From Decisions to Designs: A Hands-On Tutorial with the Typology of Decision-Making Tasks
Camelia D. Brumar, Tufts University
Remco Chang, Tufts University
Designing visualizations for decision-making often requires structuring complex, multi-stage workflows that remain implicit during the design process. This hands-on tutorial introduces the Typology of Decision-Making Tasks for Visualization, a concise framework for modeling decision workflows using three composable tasks: choose, activate, and create. Participants will learn how to represent decision problems as structured node-link diagrams that make task hierarchy, information flow, and iteration explicit. Through guided small-group exercises, attendees will model a real-world decision-support scenario and then translate their task diagrams into visualization design sketches. The tutorial emphasizes the transition from structured problem definition to interface design, demonstrating how different decision tasks naturally inform interaction components, layout structure, and system logic. Designed for visualization researchers, designers, and practitioners at all experience levels, the tutorial combines conceptual foundations with collaborative exercises and discussion. Participants will leave with a practical methodology for externalizing decision problems and using them as blueprints for designing interactive decision-support visualizations.

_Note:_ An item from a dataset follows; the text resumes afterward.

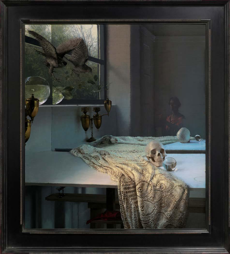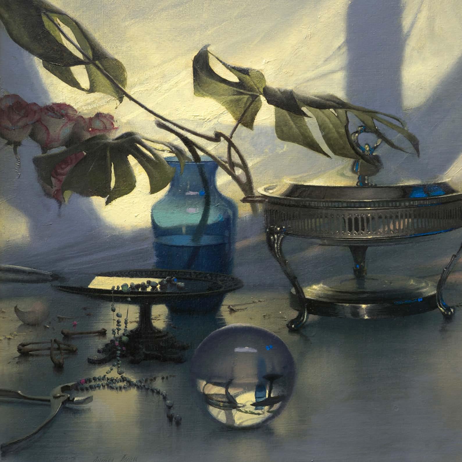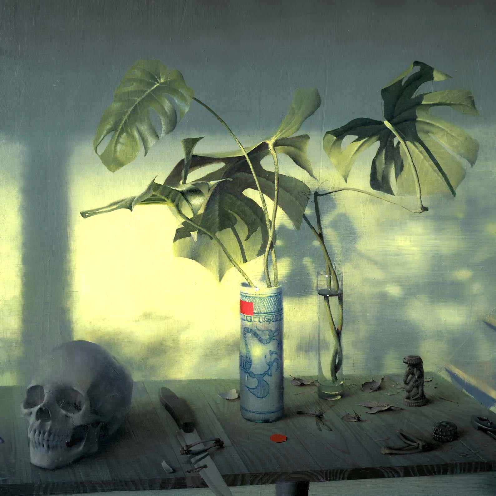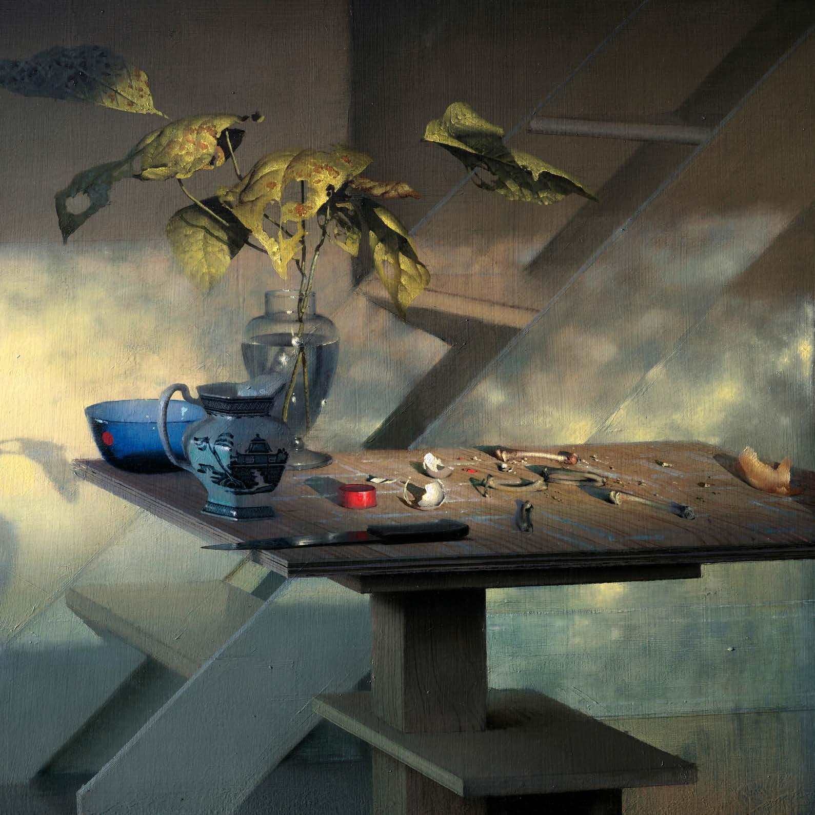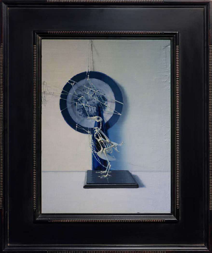 In “What Remains,” Daniel Sprick returns to many of the objects and motifs that have appeared throughout his work for decades; skulls, vessels, flowers, tools, and plants. These familiar forms appear alongside fragile remnants such as broken eggshells, bones, and wilted petals. Together they quietly echo the long tradition of vanitas painting, where objects serve as reflections on time, mortality, and renewal. Some of the objects depicted have accompanied the artist from studio to studio for many years, while others appear only briefly before fading away.

Visualization Analysis and Design
Tamara Munzner, University of British Columbia
This introductory tutorial will provide a broad foundation for thinking systematically about visualization systems, built around the idea that becoming familiar with analyzing existing systems is a good springboard for designing new ones. The major data types of concern in visual analytics, information visualization, and scientific visualization will all be covered: tables, networks, and sampled spatial data. This tutorial is focused on data and task abstractions, and the design choices for visual encoding and interaction; it will not cover algorithms. No background in computer science or visualization is assumed.